Saturday, May 12, 2007

More galls



These were growing on an elm. There's a itty-bitty insect inside of each of these nodules.

The gall





This cotton-candy like stuff was growing on a big oak. (Think it was red oak.) Barry thought it was some kind of gall. Said there were hundreds of galls associated with oaks. Whatever it is, it rivals the cedar apple rust found below.

not even a sapling



Have you ever seen a baby ginkgo before?

Dogs




Dogwood, and...

Buckeye?




Not sure what kind of buckeye this is. Interestingly, later in the day, in a front lawn on Van Brunt in Red Hook, of all places, saw a definite red buckeye, but I didn't have my camera at that time.

Green-Wood details




Cherry snowfall and a mulberry leaf

Chestnuts




Green-Wood Horse Chestnuts.

Wednesday, May 9, 2007

The last unleaved trees of the year




A hybrid oak and a caucasian wingnut, both in the BBG. These pictures are from mid-March. After this, there will only be fully leaved trees on this blog until the fall. But I like these trees and thought you should be introduced to them.

Monday, May 7, 2007

Aliens among us



This hard fat pea of a gall (?) on this young oak leaf looks like bad news.

Dawn Redwood bark



This deciduous conifer is an ancient relative of the sequoia and redwoods. It was thought to be extinct, known only in the fossil records, until 1941 when they were discovered growing in a small mountainous area in China. Now they're back in the land they once roamed (so to speak). Washington Avenue.

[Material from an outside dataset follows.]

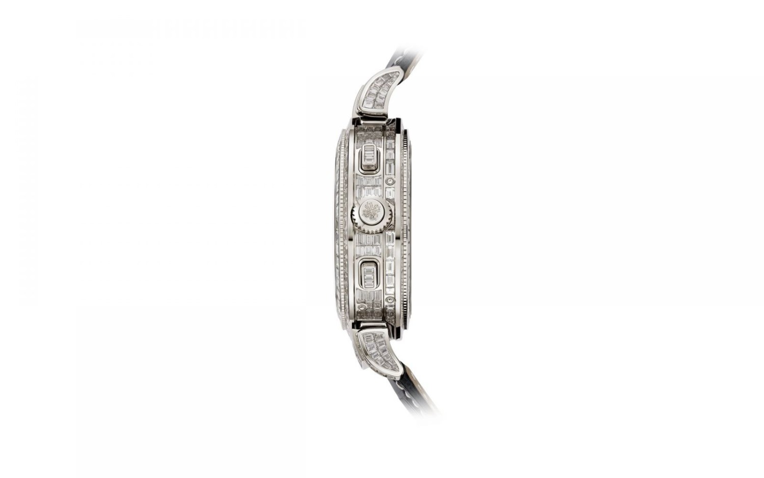Chuyển động cơ học bằng tay. Caliber 300 GS AL 36‑750 QIS FUS IRM. Chuông của Patek Philippe Grandmaster. Đồng hồ đeo tay có thể đảo ngược hai mặt. Sonnerie lớn và nhỏ. Bộ lặp phút với tiếng cồng cổ điển. Hiển thị chế độ tấn công (S G P). Báo động với thời gian đình công. Chỉ báo bật/tắt báo động. Bộ lặp ngày. Chỉ báo dự trữ năng lượng của chuyển động và đòn tấn công. Chỉ báo cách ly đình công. Múi giờ thứ hai. Chỉ báo ngày/đêm của múi giờ thứ hai. Lịch vạn niên tức thời. Thứ, ngày (trên cả hai mặt số), tháng, chu kỳ năm nhuận bằng kim. Hiển thị năm chữ số trong một khẩu độ. Các giai đoạn của mặt trăng. Mặt số phụ 24 giờ và phút. Chỉ báo vị trí núm vặn (R A H).

A Tree Gets Planted in Brooklyn




The Arborist showed us how to plant a balled and burlaped tree along Washington Avenue outside the BBG. It's a serviceberry, also known as shadbush, Amelanchier laevis. Did you know that most roots are within 18 inches of the surface?

Cherry, apple?



Also from Nantucket: Anna's Lane in 'Sconset is lined with these, usually a good place to find orioles and hummingbirds.

Lichen?



Being a particularly damp place, the island is very friendly to lichens, mosses, mildews, etc.

Nantucket trees

Island pines



A copse of pitch pines, pinus rigida, on Nantucket. This species of tree was introduced to the island in the 1840s. They're nicely resistant to the drying effects of salt spray. (It's a tough neighborhood for trees.) Also their thick bark is resistant to fire.